(Collection entries)
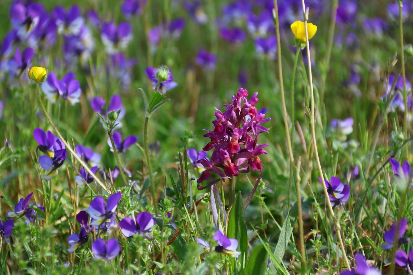 Det var några år sedan jag var i nationalparken Ängsö när orkidén Adam och Eva blommat, men i år kom jag i alla fall ut dit när de var på gång, ja till och med hade slagit ut en hel del. -och när det sker så är det en mäktig syn att se vid Norrängen, samt till detta också styvmorsvioler och mandelblom. Besöket gjordes den 18 maj.
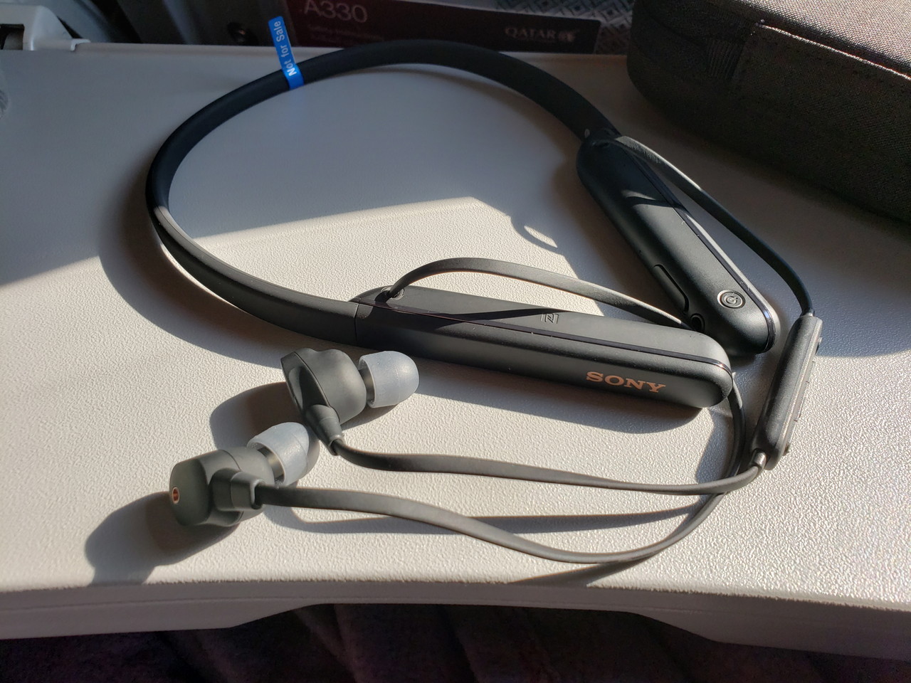 フライト用と考えた場合、ヘッドホンだと寝るときに邪魔になるし、完全ワイヤレスだと長時間フライトではバッテリーが持たない。そうなると、いわゆるワイヤレスイヤホンタイプの「WI-1000XM2」が一番ストレスがないんですよね。
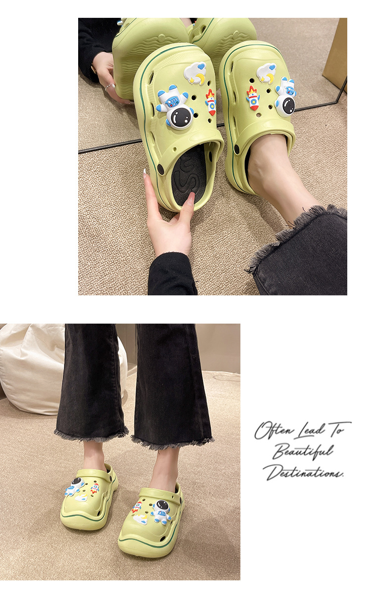 EVA 구멍 신발 여성용 두꺼운 밑창 신발 발가락 느낌 귀여운 학생 여성용 샌들과 슬리퍼 만화 2023 새로운 여름스토어 가기
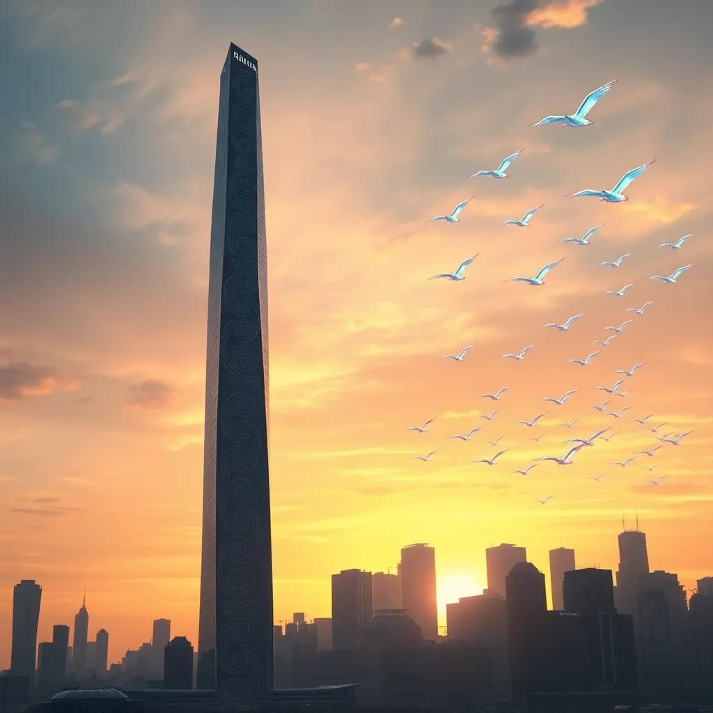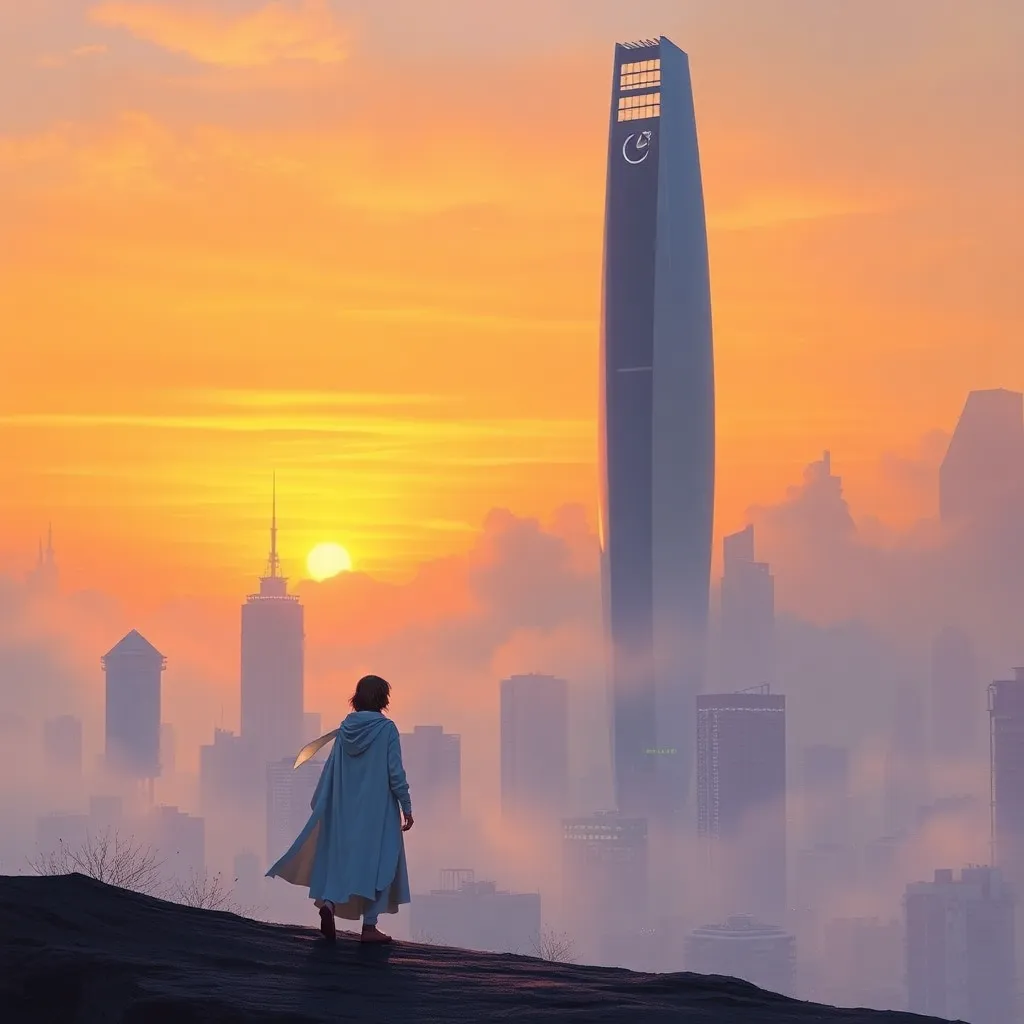 Create a futuristic cityscape at sunset, with a sleek, silver skyscraper rising from the misty horizon. Incorporate a lone figure in the foreground, dressed in a flowing white cloak, gazing up at the towering structure with a mix of wonder and trepidation. Use vibrant oranges, yellows, and purples to capture the atmosphere.
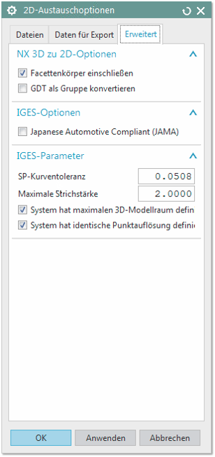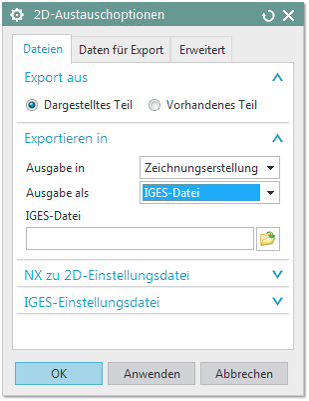 Diese Anleitung beschreibt den Export von Zeichnungsdateien im DWG-, DXF- und IGES-Format (→Zeichnungsdatenformat) aus dem CAD-System NX 10 heraus. Mit den empfohlenen Einstellungen stellen Sie sicher, dass die Zeichnungsdatei von infra CONVERT bestmöglich gelesen werden kann.
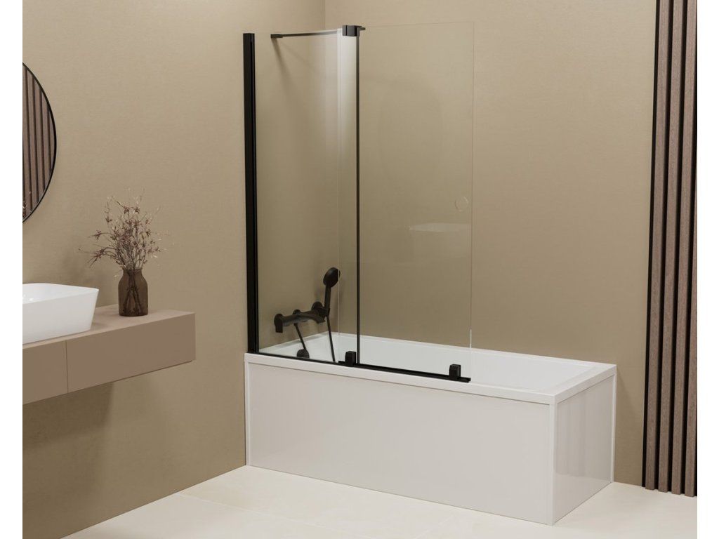 ROLLS BLACK vanová zástěna 1200x1500mm, čiré sklo
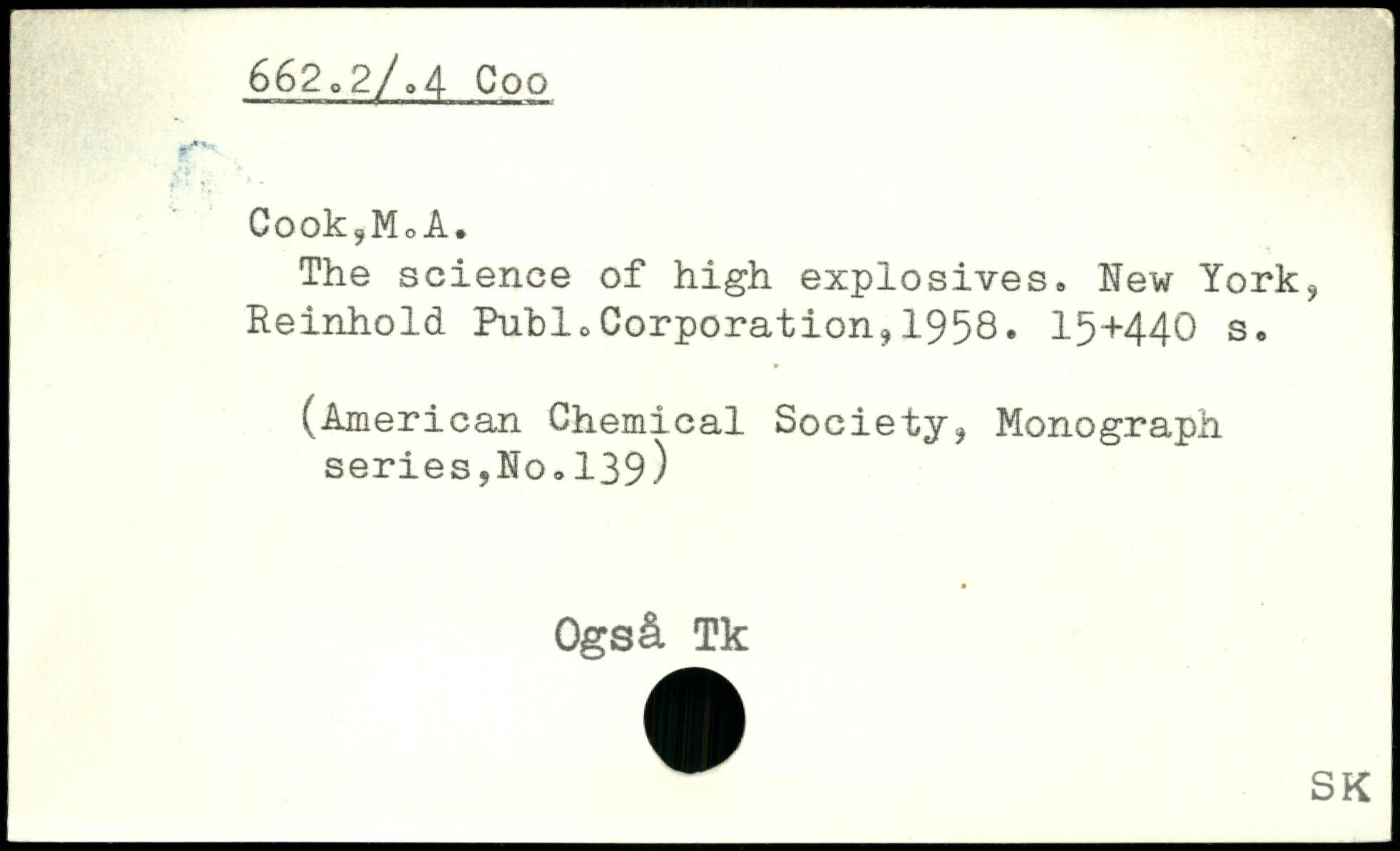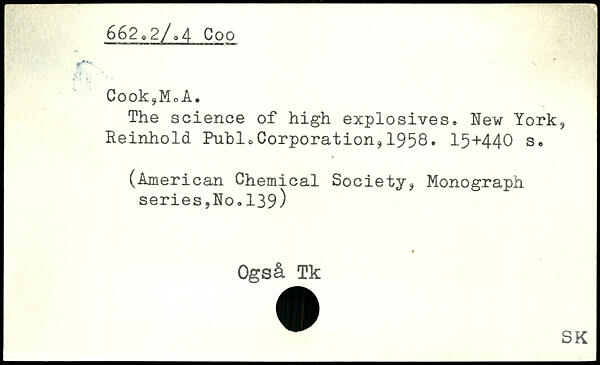 Cook?MoA. The science of high explosives.
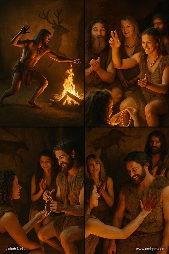 The dancer who could best mimic a stag would win audience applause and prestige in the band. He got the girl, and therefore we carry his metaphor-supporting genes today instead of the genes of his brother, who was less skilled with metaphors. (GPT Image-1)

• **TASK OBJECTIVE**: Word for word, write out the lines above running from the one with "フライト用と考えた場合、ヘッ" up to and including the one with "Create a futuristic". Drop any picture.

• **ANSWER BOX**:
 フライト用と考えた場合、ヘッドホンだと寝るときに邪魔になるし、完全ワイヤレスだと長時間フライトではバッテリーが持たない。そうなると、いわゆるワイヤレスイヤホンタイプの「WI-1000XM2」が一番ストレスがないんですよね。
 EVA 구멍 신발 여성용 두꺼운 밑창 신발 발가락 느낌 귀여운 학생 여성용 샌들과 슬리퍼 만화 2023 새로운 여름스토어 가기
 Create a futuristic cityscape at sunset, with a sleek, silver skyscraper rising from the misty horizon. Incorporate a lone figure in the foreground, dressed in a flowing white cloak, gazing up at the towering structure with a mix of wonder and trepidation. Use vibrant oranges, yellows, and purples to capture the atmosphere.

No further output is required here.